There is an orange tree in the English Cemetery, from which has arisen the saying among the citizens, when a funeral passes: "there is one going to sleep under the orange tree." The monuments are of sculptured marble, and, embosomed as they are amid paths of the funeral cypress, and beds of flowers, they form an inviting retreat to the meditative mind. The burial place for strangers is near by, and rather surpasses the former in richness and taste. They are both quite small, but justly considered objects of interest and pride, as is also the neat Episcopal Church, situated in a garden.

It was not long after our first visit to the convent of Santa Clara, that two of us happily met with Mr.
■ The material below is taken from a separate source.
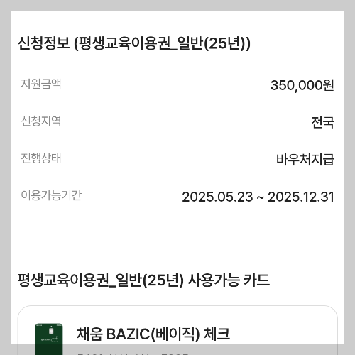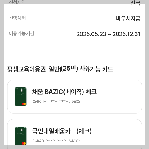 작년까지는 별도의 평생교육바우처 전용 카드가 발급되어 바우처 포인트를 충전해 사용하셨을 텐데요, 2025년부터는 기존 바우처 카드는 더 이상 사용할 수 없습니다.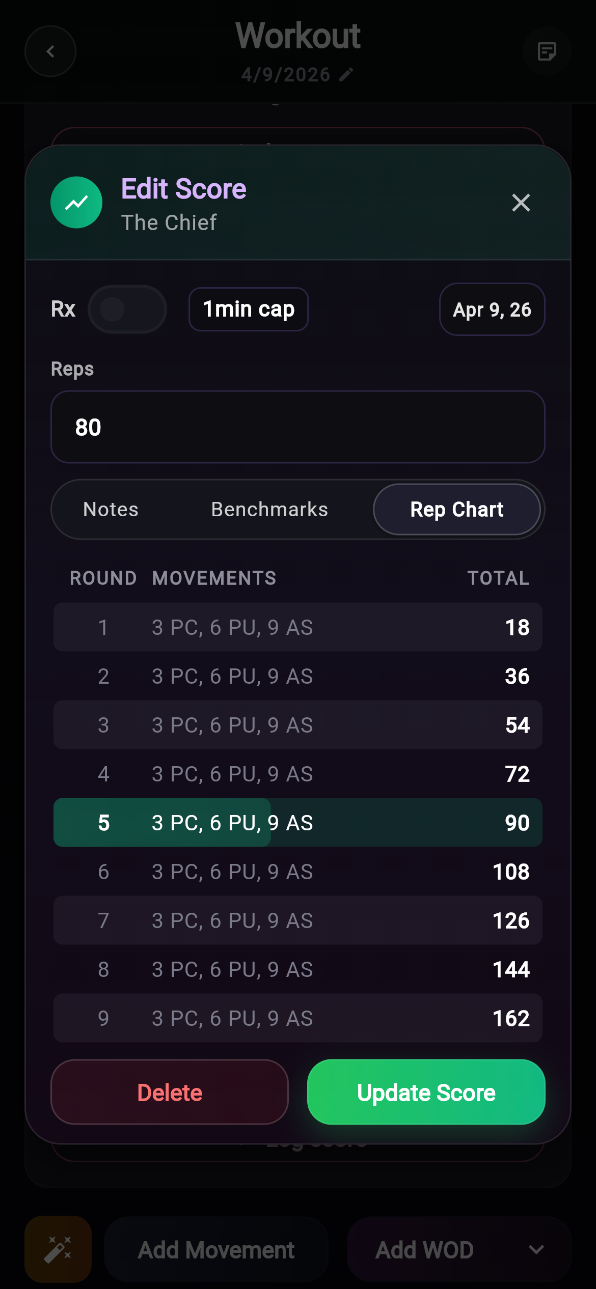 - Rep Chart tab — new tab in the Edit Score dialog showing round-by-round movement breakdown with running totals; highlights the active round based on your entered rep count.

P., a very polite English gentleman, and one of the most influential among the twenty British merchants by whom the trade of Funchal is chiefly carried on. This gentleman on account of his tolerance and generosity, was a special favourite of the Catholic vicar-general. The vicar had that day invited Mr. P. with his family to dine in the convent, and this kind gentleman tendered us his influence to procure admission for ourselves after four o'clock. This was indeed an unexpected- an unparalleled favour, and, while we feared a failure, we felt grateful for the hope given us.
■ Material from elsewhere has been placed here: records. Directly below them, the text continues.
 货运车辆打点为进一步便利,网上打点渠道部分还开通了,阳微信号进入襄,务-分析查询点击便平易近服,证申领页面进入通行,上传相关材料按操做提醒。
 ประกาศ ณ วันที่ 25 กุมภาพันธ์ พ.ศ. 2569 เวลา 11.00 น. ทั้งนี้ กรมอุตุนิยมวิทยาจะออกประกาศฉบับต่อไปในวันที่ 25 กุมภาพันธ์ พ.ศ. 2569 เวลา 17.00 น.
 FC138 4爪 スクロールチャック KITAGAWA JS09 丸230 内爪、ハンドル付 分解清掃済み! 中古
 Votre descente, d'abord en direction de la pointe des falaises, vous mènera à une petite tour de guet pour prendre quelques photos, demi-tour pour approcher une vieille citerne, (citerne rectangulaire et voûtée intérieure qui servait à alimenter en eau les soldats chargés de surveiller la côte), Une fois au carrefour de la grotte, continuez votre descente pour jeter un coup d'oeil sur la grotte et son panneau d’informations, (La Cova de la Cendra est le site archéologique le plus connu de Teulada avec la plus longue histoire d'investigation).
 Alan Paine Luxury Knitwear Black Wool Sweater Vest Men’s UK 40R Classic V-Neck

Previous to the reinstatement of Don Pedro's party, or about 1834, there were one thousand and more priests, friars, and curates, among the one hundred and ten thousand people of Madeira; but

at that time the monasteries were broken up, and all the beggarly clergy were expelled, excepting seventy priests, and twenfy-four members of the dean chapter, and the present vicar-general, whose right and rank, with a reduced salary, was allowed to continue during his life-time. Since that occurrence, the vicar has evinced more liberality to the Protestant Funchalese than was ever known before.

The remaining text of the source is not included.